I want to use an asymmetric cryptography algorithm, but I need it have short Key Size(not like RSA which is at least 384).
I need it to be about around 20.
Is it possible?
That's a .NET restriction on the key size; RSA can be used with any key size. It just doesn't make sense to do so.
Think about it, with a 20-bit key you can brute force the it in 2^20 attempts and that's just too easy with today's computers.
There are several ways to have a short key size.
1. With RSA
A RSA public key consists in a big number n (the "modulus") and a (usually small) number e (the public exponent). e can be as small as 3, and in a closed setup (where you control key generation) you can force the use of a conventional e, the same for everybody. A typical size for n is 1024 bits (i.e. 128 bytes).
n is the product of two prime numbers (n = p*q).
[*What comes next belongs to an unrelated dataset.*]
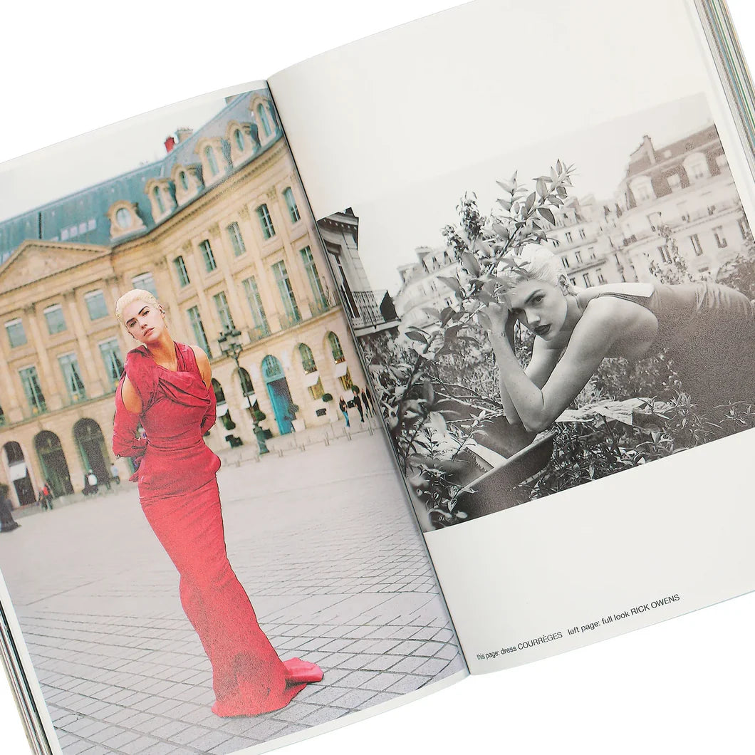 Yet, there is also light. An otherworldly one emanates from Petra Collins and Helena Tejedor’s shoot of ROSALÍA, which is rhetorically embellished with nonfiction by Heather McCalden. Harmony Korine/EDGLRD lets THE WEEKND motorcycle in a GTA-esque, computer-generated world of ghosts, and ABEL TESFAYE chats with his younger self in the form of custom-programmed ChatGPT mediated by Ross Scarano. VARG²™ welcomes Shane Anderson into his world of wolves while Raphael Bliss captures the Swedish producer in a swamp at night. LUKA SABBAT tells Claire Koron Elat why he has a guillotine at his dinner table and Nicolas Wagner and Ras Bartram capture the existentialist in one of his hometowns, Paris. Also in the French capital, KATE UPTON slurps margaritas in bed with Sebastián Faena and Ras Bartram. The photographer-stylist duo also visits a farm where LOLI BAHIA shows us what the world wants. Phillip Pyle ventures into the cavities of artist MIRE LEE’s ugliness, formlessness, and stupidity, and BRYAN JOHNSON tells Dagmar Von Taube and Sven Michaelsen how to stay alive forever with approximately 100 pills a day. Hendrik Schneider and Tim Heyduck explore the identity of chrome, JENS BALZER uncovers the necessity of cultural appropriation together with Shane Anderson, and Max von Gumppenberg was seen backstage taking shots at our first runway show in Paris by MARIA KOCH.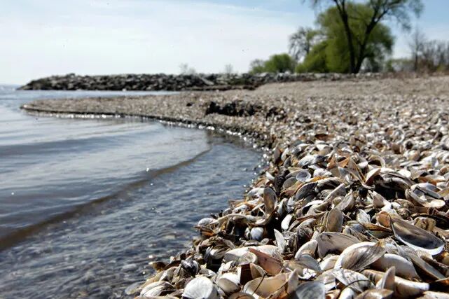 正常情况下,斑马贻贝的寿命是4-5年,当它们死亡时,它们的被冲到了岸边,导致整个污染水域的沿岸都是它们的贝壳。

Knowledge of p and q is sufficient to rebuild the private key (nominally a value d which is a multiplicative inverse of e modulo p-1 and q-1). Assuming that n is known, knowledge of p alone is sufficient (if you know n and p, you can compute q with a simple division). For proper security, p and q should have similar sizes, so even by taking the smaller of the two, you still need to store about 512 bits or so -- that's 64 bytes).
It has also been suggested to select a small d (the "private exponent"). But this makes e essentially random, hence large; you can no longer use a conventional small value for e. This basically doubles the public key size. Also, forcing a small d can make the key weak (it has been shown to be the case when the size of d is no more than 29% of the size of n, but that does not prove in any way that a d of 30% the size of n is safe). This is generally considered to be a bad idea.
2. With DSA / Diffie-Hellman
DSA is a digital signature algorithm. Diffie-Hellman is a key exchange algorithm. Both are "asymmetric cryptographic algorithms" and you would use one or the other, or both, depending on your needs. In both cases, there is a public mathematical group (numbers modulo a big prime number p for the basic DSA and DH; elliptic curve variants use an elliptic curve as group); the public key is a group element, and the private key is the discrete logarithm of that element relatively to a conventional generator. In other words, a prime p and a number g modulo p are given (they can be shared by all key holders, even); a private key is a number x corresponding to the public key y = gx mod p. The private key is chosen modulo a small prime q. q is known and must be large enough so as to defeat the generic discrete logarithm algorithms; in practice, we want a 160-bit or more q.
This means that a private key fits in about 20 bytes. That's not 20 decimal digits, but closer.
3. With ANY cryptographic algorithm
When you generate a key pair, you do so with:
a deterministic procedure;
a source of random bits.
For instance, with RSA, you generate p and q by creating random odd numbers of the right size and looping until a prime number is found. For a given random source, the whole process is deterministic: given the same random bits, this will find the same primes p and q.
Hence you can develop a PRNG seeded by a secret key K and use it as random source for the key generation process. Whenever you need the private key, you run the key generation process again, using K as input. And voilĂ ! Your private key, the one you need to store, is now K.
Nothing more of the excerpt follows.